(Items listed in a dataset)
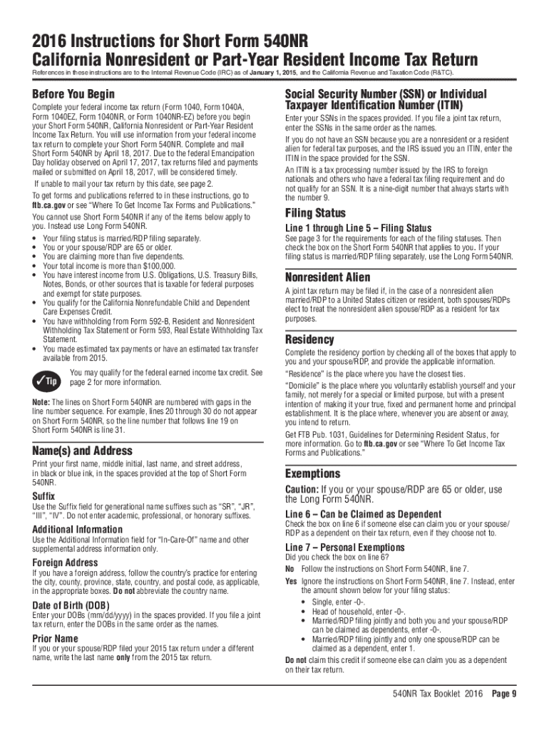 2016 Instructions for Short Form 540NR California Nonresident or PartYear Resident Income Tax Return References in these instructions are to the Internal Revenue Code (IRC) as of January 1, 2015,
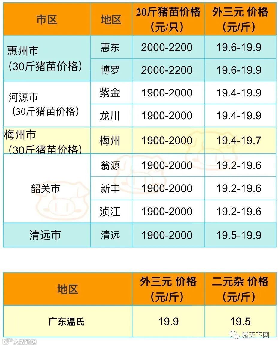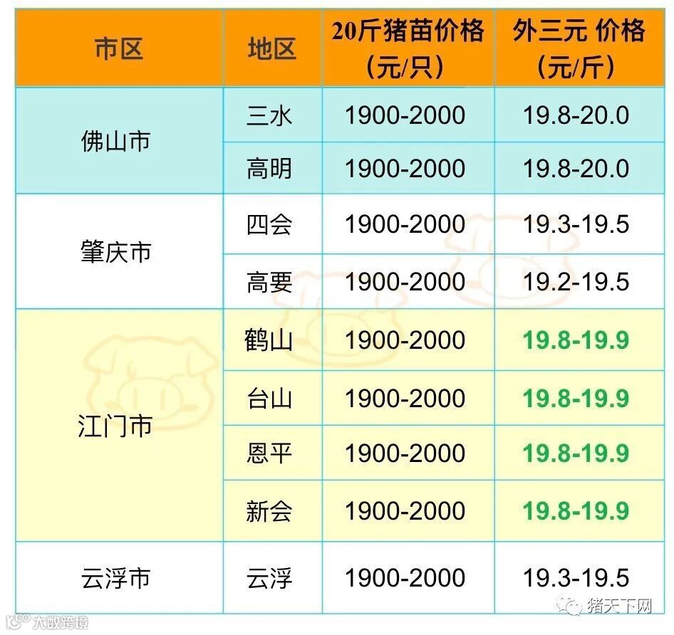 有红绿颜色部分是相对昨天有所变动的猪价;
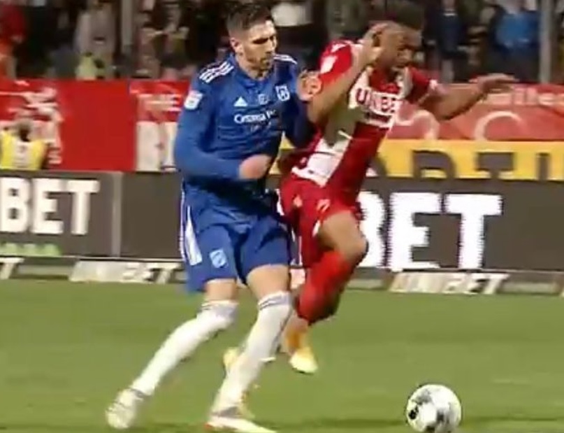 Ei bine dacă urmărim cu atenție faza din minutul 12 putem vedea cum fundașul craiovean intră direct în adversarul aflat în alergare, nu are nici o legătură atacul cu lupta normală pentru minge, întinde brațul folosindu-l în împingere și în final împiedică adversarul să își continue alergarea către poartă trântindu-l la pământ.
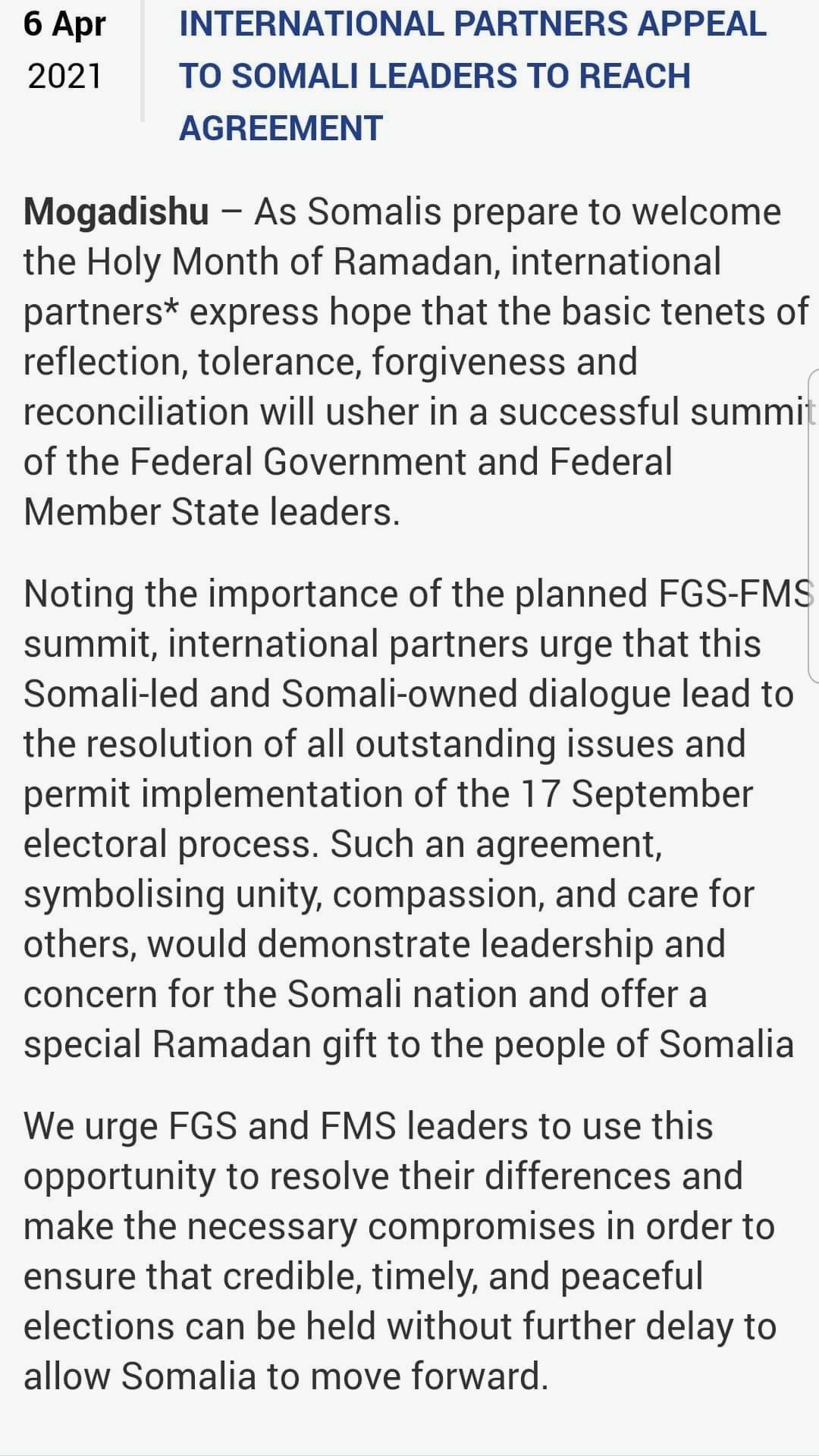 You would agree that this attitude of deliberations on personal whims is the core and most dangerous conditions that brought Somalia to where she finds itself in today, reducing it to a status where foreign diplomats of non-Muslim world are now urging Somali leaders at Mogadishu talks to reach at compromise resolutions of their problems before the beginning of Ramadan. Shame!
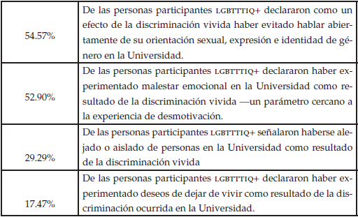 Aunado a lo anterior y para confirmar que la comunidad universitaria LGBTTTIQ+ no siente el campus universitario como incluyente, plural y de respeto, 52.90% de las personas señaló que experimentaron “malestar emocional en la universidad”, producto de la discriminación que han padecido, además, el estudio refiere ese hecho como “un parámetro cercano a la experiencia de desmotivación”, cuando debería ser justamente lo contrario.
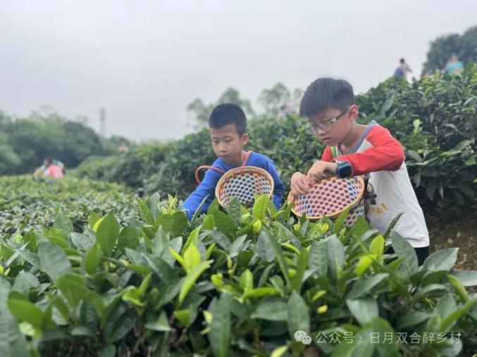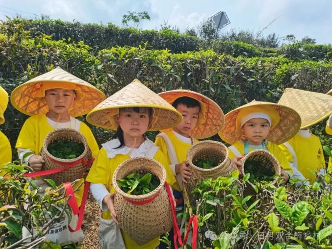 “研学大队”带上草帽、背起竹篓,行走在茶山间,化身小茶农,采茶、制茶、敬茶全体验,一起玩转茶乡“乌托邦”。
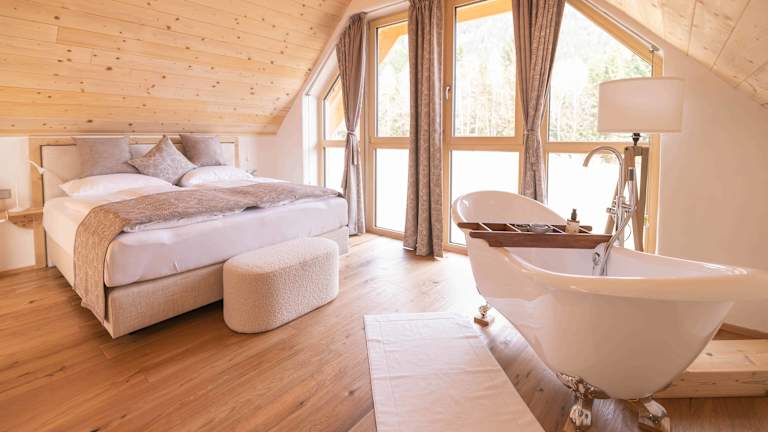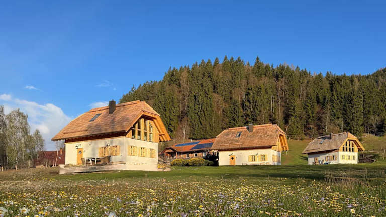 Ebner 1822 ist ein exklusiver Rückzugsort für Ruhesuchende und Naturliebhaber im Herzen Kärntens. Drei handgefertigte Ferienhäuser aus Holz, Stroh und Lehm verbinden traditionelle Baukunst mit zeitgemäßem Komfort und einer gesunden, diffusionsoffenen Wohnatmosphäre. Umgeben von Wiesen, Bergen und einem Naturteich genießen Gäste absolute Ruhe, Privatsphäre und einen weiten Blick in die Landschaft. Die hochwertig ausgestatteten Häuser verfügen über stilvolle Küchen, gemütliche Wohnbereiche mit Kaminofen, freistehende Badewannen sowie private Wellness-Highlights. Kostenloses WLAN und kostenfreie Parkplätze stehen ebenso zur Verfügung wie Mineralwasser, Fruchtsäfte, Nespresso-Kaffee und eine feine Auswahl an Bio-Tees. Ein liebevoll zusammengestellter Frühstückskorb mit regionalen Bio-Produkten rundet den Aufenthalt ab. Ebner 1822 steht für nachhaltigen Luxus, Entschleunigung und echte Erholung – ideal für Paare, die Natur, Qualität und Stille schätzen.

▶ _EXERCISE DIRECTIONS_
Without the pictures, give again exactly the lines above starting at the line containing "Ei bine dacă" and ending at the line containing "Aunado a lo".

▶ _RESULT_
 Ei bine dacă urmărim cu atenție faza din minutul 12 putem vedea cum fundașul craiovean intră direct în adversarul aflat în alergare, nu are nici o legătură atacul cu lupta normală pentru minge, întinde brațul folosindu-l în împingere și în final împiedică adversarul să își continue alergarea către poartă trântindu-l la pământ.
 You would agree that this attitude of deliberations on personal whims is the core and most dangerous conditions that brought Somalia to where she finds itself in today, reducing it to a status where foreign diplomats of non-Muslim world are now urging Somali leaders at Mogadishu talks to reach at compromise resolutions of their problems before the beginning of Ramadan. Shame!
 Aunado a lo anterior y para confirmar que la comunidad universitaria LGBTTTIQ+ no siente el campus universitario como incluyente, plural y de respeto, 52.90% de las personas señaló que experimentaron “malestar emocional en la universidad”, producto de la discriminación que han padecido, además, el estudio refiere ese hecho como “un parámetro cercano a la experiencia de desmotivación”, cuando debería ser justamente lo contrario.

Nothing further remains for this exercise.